(EXERCISE DIRECTIONS) Before you return the lines below, strip out any images and keep every word as written.

(DATA EXTRACT)
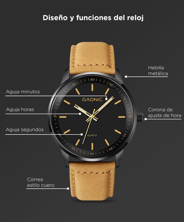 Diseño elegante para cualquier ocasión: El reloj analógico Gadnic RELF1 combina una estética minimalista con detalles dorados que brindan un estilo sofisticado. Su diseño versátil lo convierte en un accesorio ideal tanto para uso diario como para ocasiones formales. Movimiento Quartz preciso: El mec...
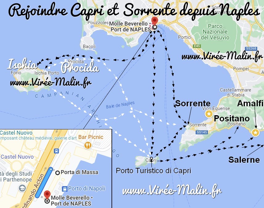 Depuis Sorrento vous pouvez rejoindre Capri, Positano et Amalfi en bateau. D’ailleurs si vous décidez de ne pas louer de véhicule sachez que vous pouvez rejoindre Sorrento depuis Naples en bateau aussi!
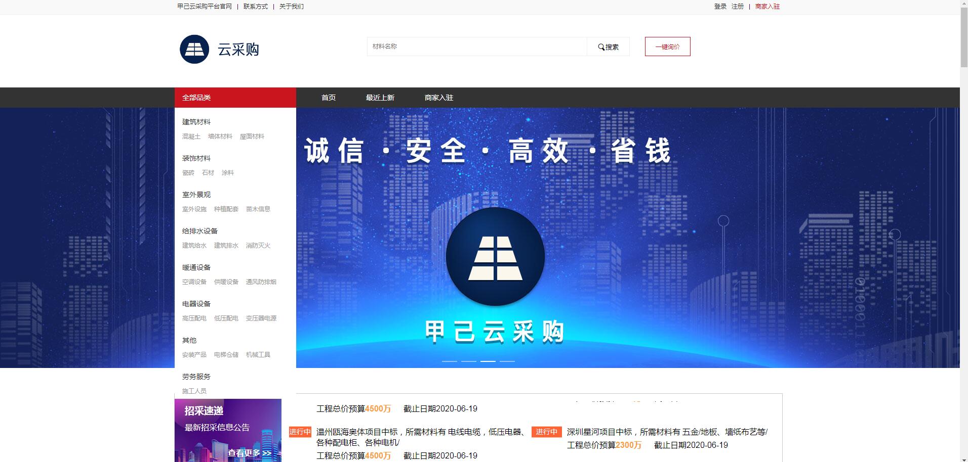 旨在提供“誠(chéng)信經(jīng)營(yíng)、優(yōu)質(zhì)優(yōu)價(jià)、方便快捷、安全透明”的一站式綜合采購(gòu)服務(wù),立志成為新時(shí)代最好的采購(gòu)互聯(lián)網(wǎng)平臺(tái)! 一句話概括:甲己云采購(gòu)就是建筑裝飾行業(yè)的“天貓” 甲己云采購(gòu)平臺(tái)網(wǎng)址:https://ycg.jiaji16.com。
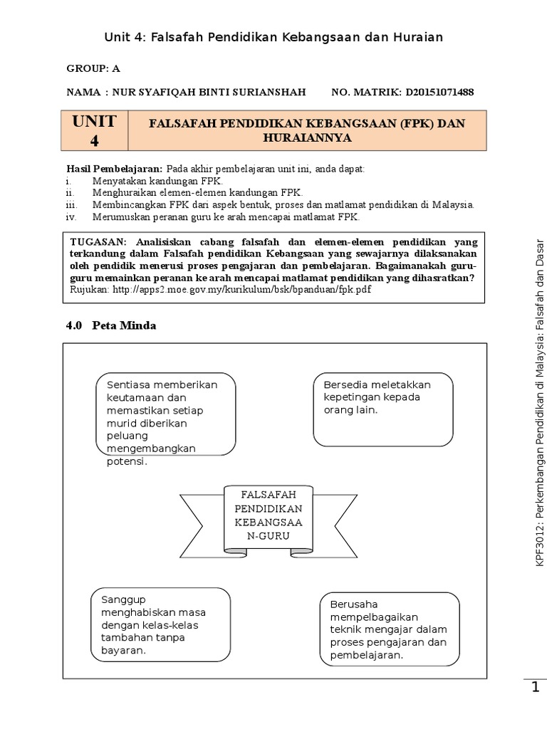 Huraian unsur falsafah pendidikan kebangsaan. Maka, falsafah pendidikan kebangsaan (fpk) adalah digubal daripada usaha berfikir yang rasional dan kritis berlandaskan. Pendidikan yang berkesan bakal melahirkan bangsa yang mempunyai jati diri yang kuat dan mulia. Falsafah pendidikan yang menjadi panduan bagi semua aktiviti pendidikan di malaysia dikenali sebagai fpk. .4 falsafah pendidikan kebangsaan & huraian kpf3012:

(WRITTEN REPLY)
 Diseño elegante para cualquier ocasión: El reloj analógico Gadnic RELF1 combina una estética minimalista con detalles dorados que brindan un estilo sofisticado. Su diseño versátil lo convierte en un accesorio ideal tanto para uso diario como para ocasiones formales. Movimiento Quartz preciso: El mec...
 Depuis Sorrento vous pouvez rejoindre Capri, Positano et Amalfi en bateau. D’ailleurs si vous décidez de ne pas louer de véhicule sachez que vous pouvez rejoindre Sorrento depuis Naples en bateau aussi!
 旨在提供“誠(chéng)信經(jīng)營(yíng)、優(yōu)質(zhì)優(yōu)價(jià)、方便快捷、安全透明”的一站式綜合采購(gòu)服務(wù),立志成為新時(shí)代最好的采購(gòu)互聯(lián)網(wǎng)平臺(tái)! 一句話概括:甲己云采購(gòu)就是建筑裝飾行業(yè)的“天貓” 甲己云采購(gòu)平臺(tái)網(wǎng)址:https://ycg.jiaji16.com。
 Huraian unsur falsafah pendidikan kebangsaan. Maka, falsafah pendidikan kebangsaan (fpk) adalah digubal daripada usaha berfikir yang rasional dan kritis berlandaskan. Pendidikan yang berkesan bakal melahirkan bangsa yang mempunyai jati diri yang kuat dan mulia. Falsafah pendidikan yang menjadi panduan bagi semua aktiviti pendidikan di malaysia dikenali sebagai fpk. .4 falsafah pendidikan kebangsaan & huraian kpf3012:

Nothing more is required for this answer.